And you again see the real Gentleman in Sachin. He walked away himself @ 8:25 when he was out. The Umpire was not declaring him out.

So, "wannabe kirkit phans" should first know their facts. I've got good knowledge about Cricket and I always know what I am talking about.


----------



## azzu (Feb 23, 2010)

hey guys enuf of sachin
wat about indian bowlers i thnk india's lacking quality fast bowlers no one is consistent these days


----------



## Krazzy Warrior (Feb 24, 2010)

^^ Oh Bowling.. Tbh, there are only three bowlers that know the real meaning of the word 'bowling' -- Shane Warne, Glenn McGrath and Wasim Akram


----------



## azzu (Feb 24, 2010)

^ courtney walsh , Brett lee , Shaun Pollock , mohammed asif etc...
and many 
what do u these people are bunch of jokes ?


----------



## crawwww (Feb 24, 2010)

Check out the bidding for Kieron Pollard:

[YOUTUBE]qp5IabMRwIQ[/YOUTUBE]

Is he really worth it?

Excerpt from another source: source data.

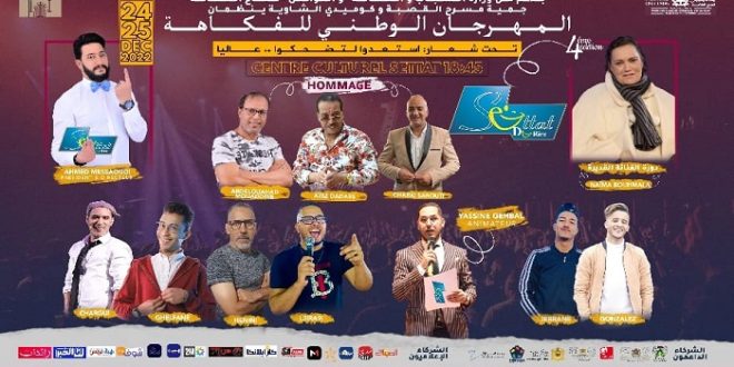 بدعم من وزارة الشباب والثقافة والتواصل – قطاع الثقافة و المجلس الجماعي بسطات تحتضن مدينة سطات في الفترة الممتدة ما بين 24 و 27 دجنبر 2022 ، الدورة الرابعة للمهرجان الوطني للفكاهة تحت شعار ” استعدوا لتضحكوا .. عاليا ”.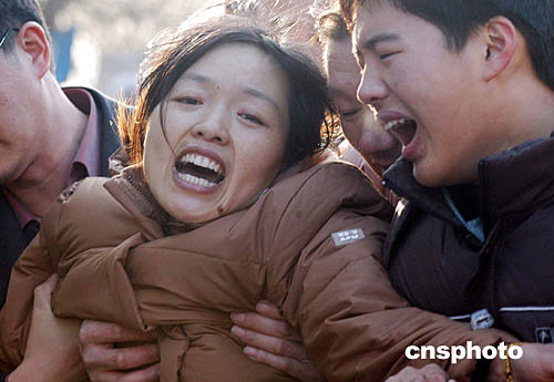 11月23日下午,11.21包頭空難遇難者家屬在飛機失事現場悲痛欲絕,被攙扶著離開。中新社記者:張宇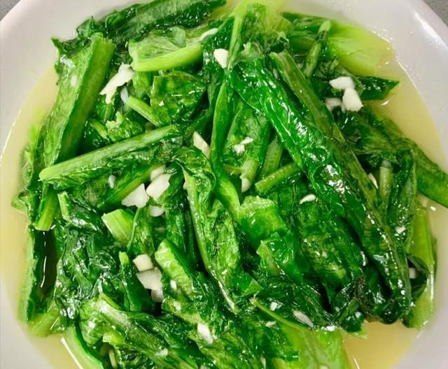油麦菜洗好切段,热油炒香蒜末,倒菜快速翻炒,加一勺蚝油、一点点盐,炒到菜变软就关火,脆嫩又入味,几分钟就好。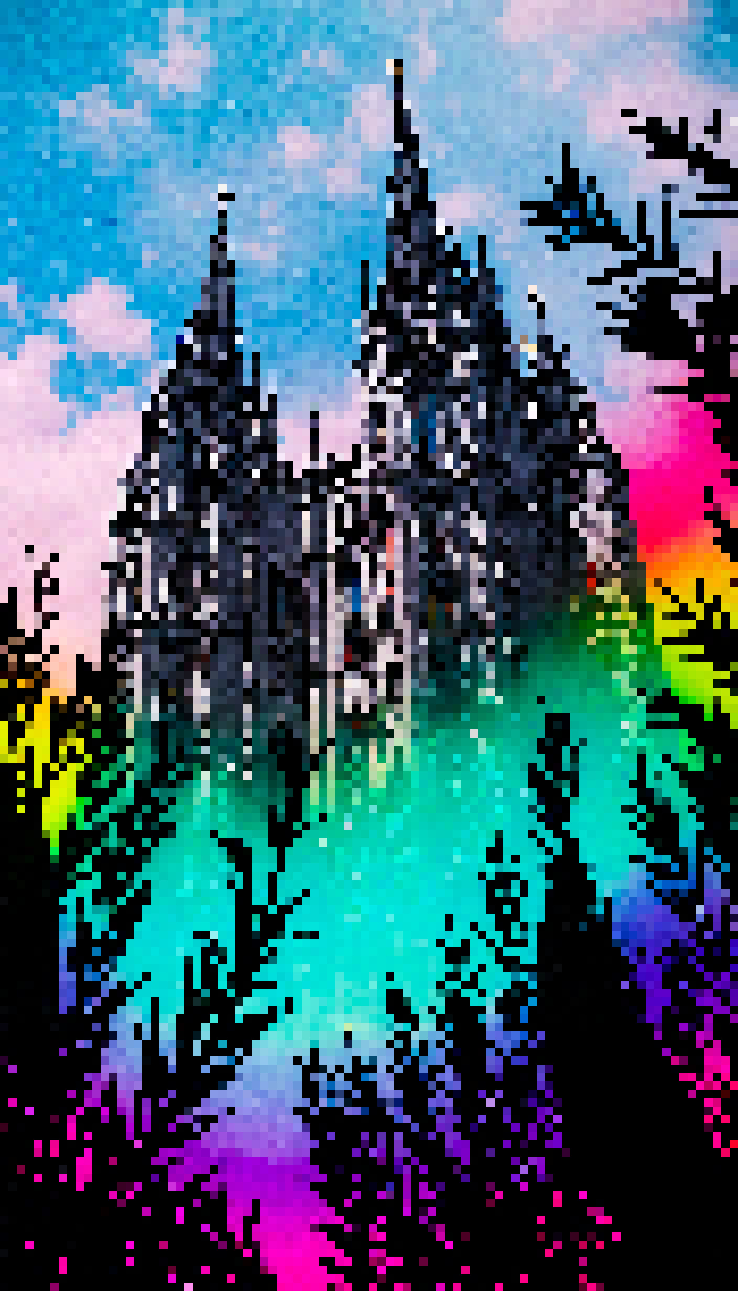On the right side there is an overlaid graphic element with a rainbow of colors creating a vibrant psychedelic effect that partially obscures the cathedral image. The rainbow has a gradient from green at the bottom to purple red and orange towards the top. The overlapping colors create a dynamic visual contrast between the historical building in the background and the colorful graphic in the foreground.

I wud have bid FOR australian/ south african fast bowlers like dale steyn, watson, bollinger, harris, etc.


----------



## azzu (Feb 24, 2010)

^ id rather buy nuwan kulasekar 
he'z great bowler but is not getting the fame he actually deserves


----------



## harryneopotter (Feb 24, 2010)

what bout shakib-al-hasan ?


----------



## Krazzy Warrior (Feb 24, 2010)

azzu said:


> ^ courtney walsh , Brett lee , Shaun Pollock , mohammed asif etc...
> and many
> what do u these people are bunch of jokes ?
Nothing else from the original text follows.